他跌跌撞撞尋了半城,沒人知曉解縈的蹤跡。待尋去醫館,已是夜半時分。

晏寧的反應與他人一致,同是一問三不知。

君不封遂不在城內浪費時間,轉而出城去尋。他不舍晝夜,風雨無阻地找了解縈七日,如果不是回鄉探親的司徒清發現他因高燒昏倒在官道上,也許君不封就會這樣無聲無息地死在路邊。

醫治君不封的時間久了,他的身體情況,晏寧心知肚明。君不封看似身體強健,可每次發燒都在橫跨生死門。此次事發突然,他又心受重創,不見得能挨得住這一關。而君不封的反應也與尋常不同。他於昏迷中不斷躲閃哭泣,間或吐露瑣碎的字眼,都是卑賤至極的哀求。這讓晏寧想到對方犯瘋癲之癥時的情況。當時他在一旁聽著,心裏就落了不忍,如今的情形,竟比那時還要慘烈。

君不封來詢問解縈的下落時,晏寧沒同他說實話。

其實,解縈消失的那一晚,他和解縈有見過面。

師兄妹的交談很簡短,解縈把自己備好的東西盡數交給他,委托他在合適的時機移交君不封。晏寧粗略掃了掃解縈帶來的物件,裏面有銀票,有信件,有丹藥,有醫書,甚至還有份古舊的地契。她深夜前來,行色匆匆,一下甩出如此重的手筆,不像是告別,倒像是托孤。

見他心存疑竇,拒而不接,女孩始終皺著的眉頭舒展開來,笑說自己憋了許久,終於可以和一個合適的人分享她與大哥的過往。

傳奇已被隱沒在女孩波瀾不驚的敘事中,只有暗自漂浮的殘酷。晏寧在接連的震驚裏終於解開了自己始終無法忽視的疑惑。是啊,他怎麽會忘了呢,當時小師妹心心念念要給他介紹做朋友的人,不正是丐幫出身的君大俠嗎?

先前他總在想,像解縈這樣心高氣傲,手段非凡的醫者,豈會因為一場戰爭就輕易轉了性,心甘情願隱於一個平凡男人身後,陪他玩不入流的過家家游戲。

晏寧太清楚她的驕傲,也清楚她斷然不會因為區區救命恩情而委屈自己。能讓她放下自己的身段安心度日,君不封身上定有非凡之處。

但令他沒想到的是,這非凡其實並不出自現在,而源於過往。兩人的命運早在十幾年前就被牢牢捆到一起。只是一個會躲,一個會藏,一路瞞到最後,竟也渾水摸魚地騙過了天下人。他們在密室相依為命的過往,除了彼此,無人知曉。但在這二人相依為命的暗面,是嬌滴滴 的小女子將身強力不虧的男人淩辱折磨多年,直至瘋癲。

這是何等可怖的狂熱執念?

聽完解縈的敘述,晏寧很平靜,解縈似是在隱隱期待著什麽,可晏寧並沒有給出她想要的反應。一瞬看穿了解縈的想法,晏寧笑問道:“怎麽,你是覺得,我會替不封鳴不平?”

解縈神色黯然:“昔年我戳穿他故友的琵琶骨,大哥恨不能將我就地斬殺。師兄和大哥相識雖短,但我能看出來,你們脾性相投,重情重義,都把彼此當成了過命的兄弟。大哥於我有恩,我卻把他害到如今這副田地……我對大哥做的事,就算是他那個故友,也恨不得將我千刀萬剮,挫骨揚灰……又何談是師兄呢。”

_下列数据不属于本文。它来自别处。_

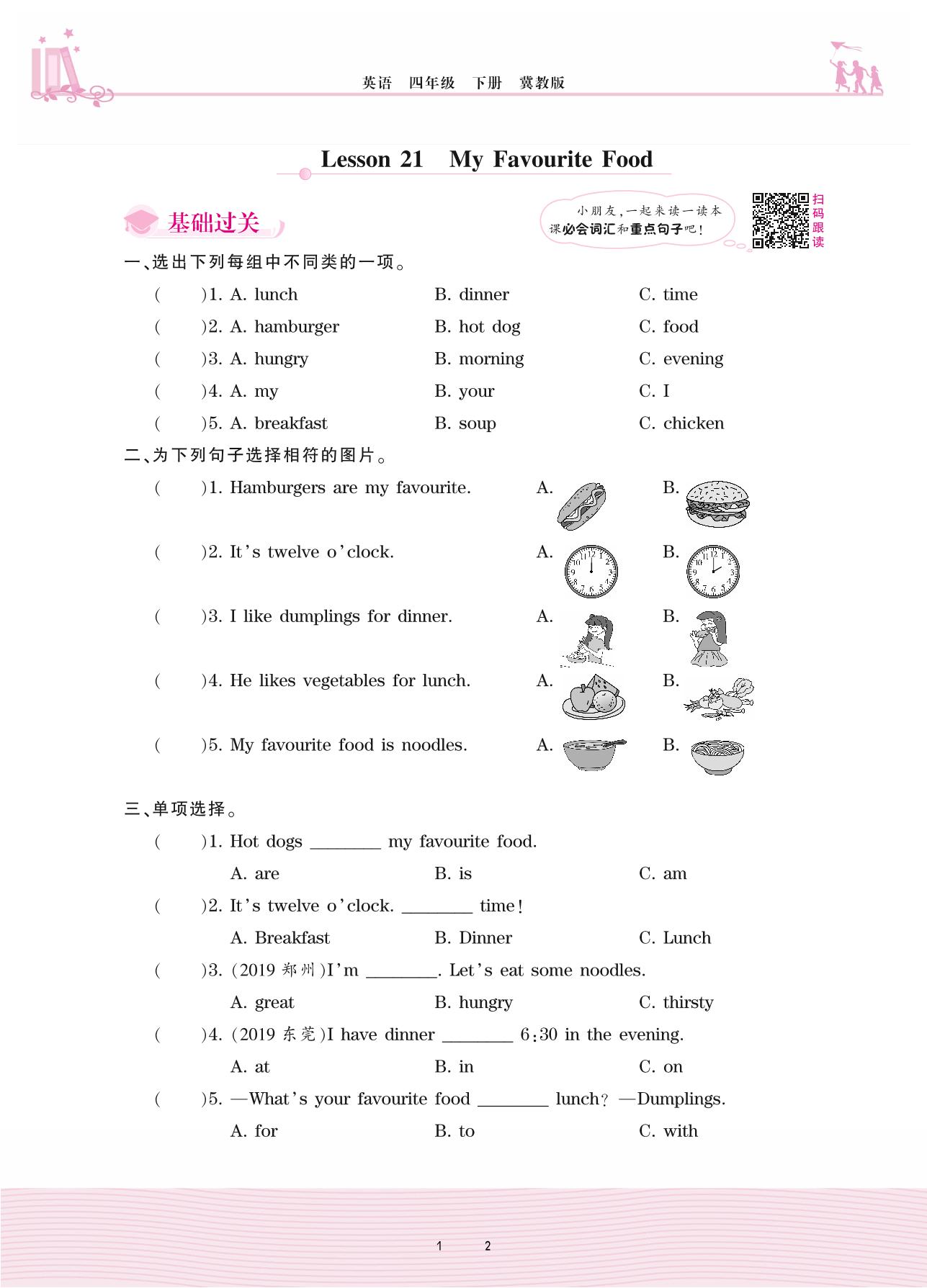 2021下册四年级英语冀教版 Unit 4—Lesson 21 My Favourite Food

“如果這事早年被我撞破,很難說那時我會做出什麽。但如今……”晏寧深深地嘆了一口氣,神色悲憫,“我何必替他在一心求死的人身上求公道呢?”

解縈身體一顫。

“師妹,我離谷雖早,但你畢竟是我看著長大的孩子,你做出的這些事,我只能說,我雖然吃驚,但不意外。”

“三歲看小,七歲看老,是嗎?”解縈低低地笑了,雙眸失焦,茫然地望向一邊。她顯然聽出了他字裏行間不言說的責難,她不為自己開解,也並不躲避他的審判。

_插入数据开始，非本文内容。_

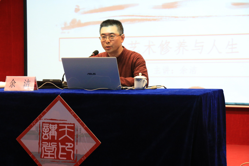 10月26日下午,天印讲堂第十一讲“艺术修养与人生”在东区大学生活动中心开讲。江苏省知名画家余洁先生为我校师生讲述如何通过提高自我的艺术修养,增加个人的生活情趣和人生品味。

作為至交,聽到君不封的遭逢,他如何不為他憤怒?可解縈的狀態,也著實激不起他的悲憤之情。

晏寧只覺得悲哀。

作為受害者的君不封,寧肯喪失自我也要護解縈周全,他如此疼惜解縈,又怎能容許他人輕易置喙。

沒有任何人要替君不封懲罰解縈,一直在尋求天懲的,從來都是解縈自己。

這份罪惡她背負著,也始終銘記著,她接受與之而來的一切審判,也始終在為自己找最為合適的裁決。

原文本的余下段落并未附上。